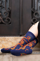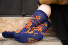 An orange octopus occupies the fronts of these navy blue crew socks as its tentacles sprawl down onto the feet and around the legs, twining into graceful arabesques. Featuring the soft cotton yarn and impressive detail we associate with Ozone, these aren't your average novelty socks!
---
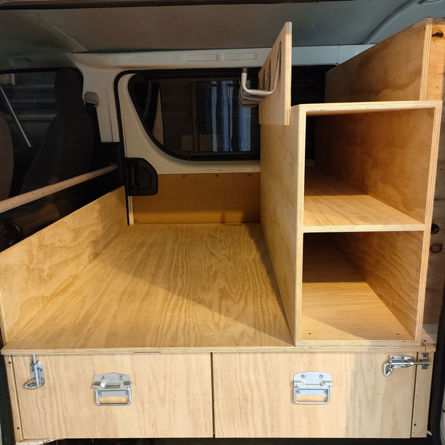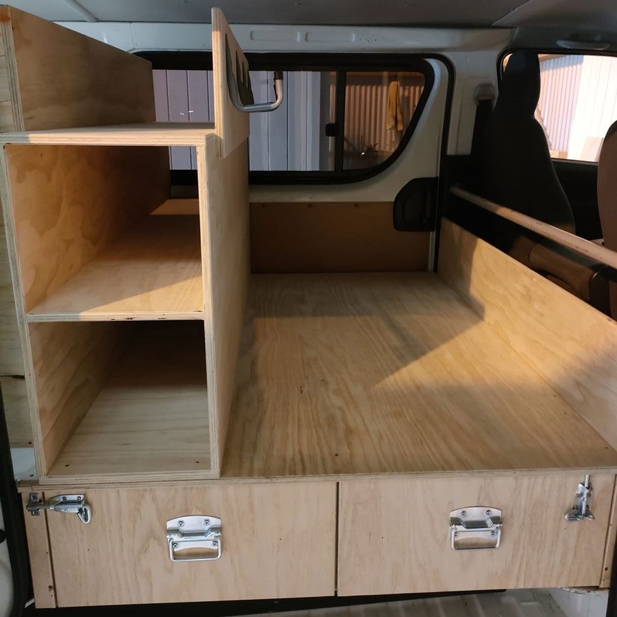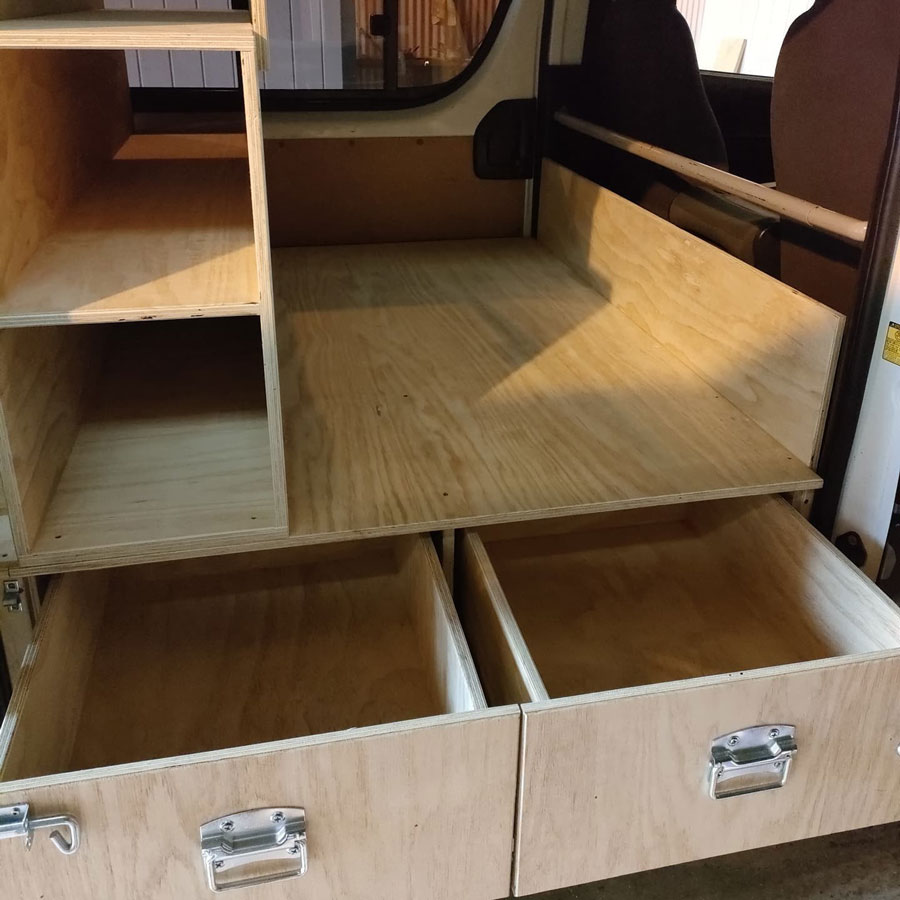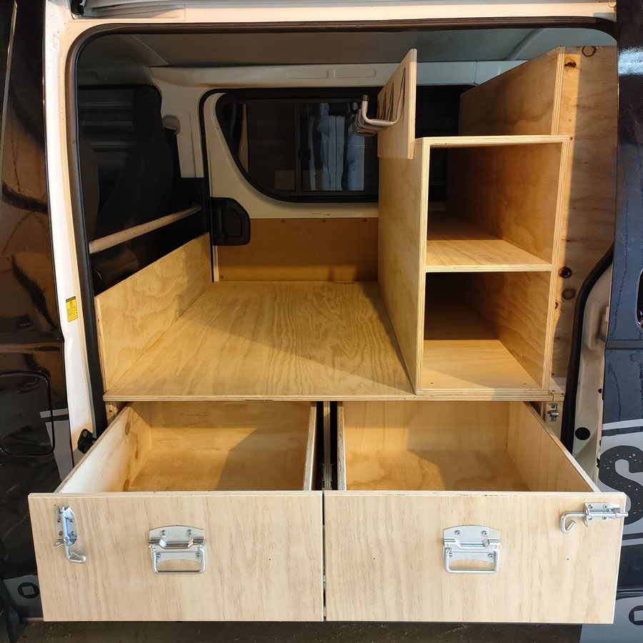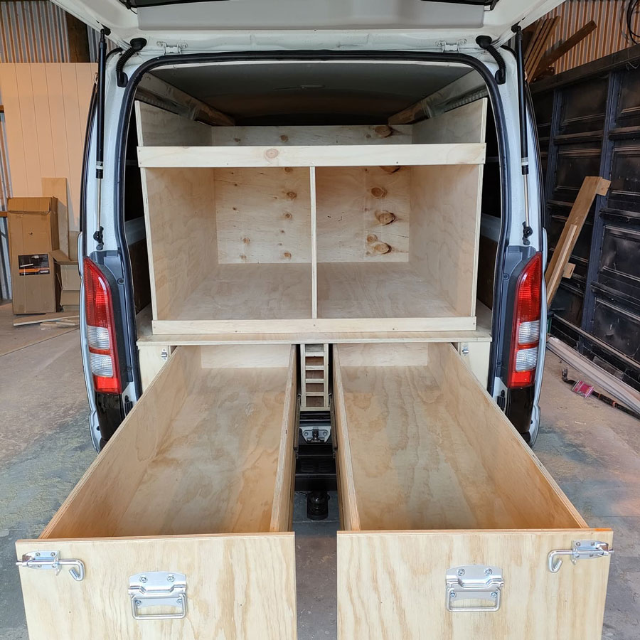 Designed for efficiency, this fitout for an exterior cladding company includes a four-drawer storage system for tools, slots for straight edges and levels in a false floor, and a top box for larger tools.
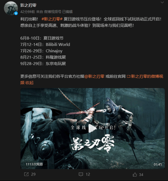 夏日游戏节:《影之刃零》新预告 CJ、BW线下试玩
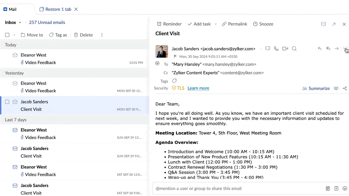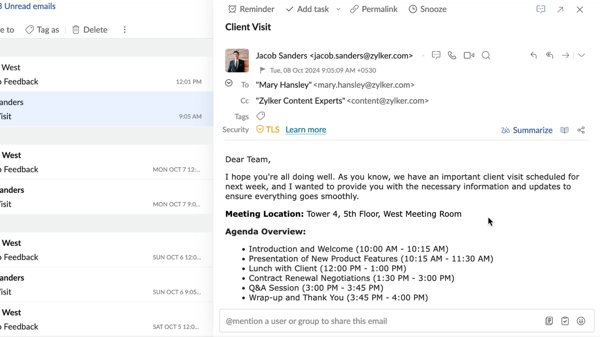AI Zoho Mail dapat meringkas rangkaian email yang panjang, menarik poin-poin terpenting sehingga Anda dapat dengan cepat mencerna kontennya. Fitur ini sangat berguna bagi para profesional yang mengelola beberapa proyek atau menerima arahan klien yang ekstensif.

What to produce:
The reply should hold the entries above from the line with "Designed for efficiency, this" to the line with "夏日游戏节:《影之刃零》新预告 CJ、BW线下试玩", duplicated exactly, pictures excluded.

Written solution:
 Designed for efficiency, this fitout for an exterior cladding company includes a four-drawer storage system for tools, slots for straight edges and levels in a false floor, and a top box for larger tools.
 夏日游戏节:《影之刃零》新预告 CJ、BW线下试玩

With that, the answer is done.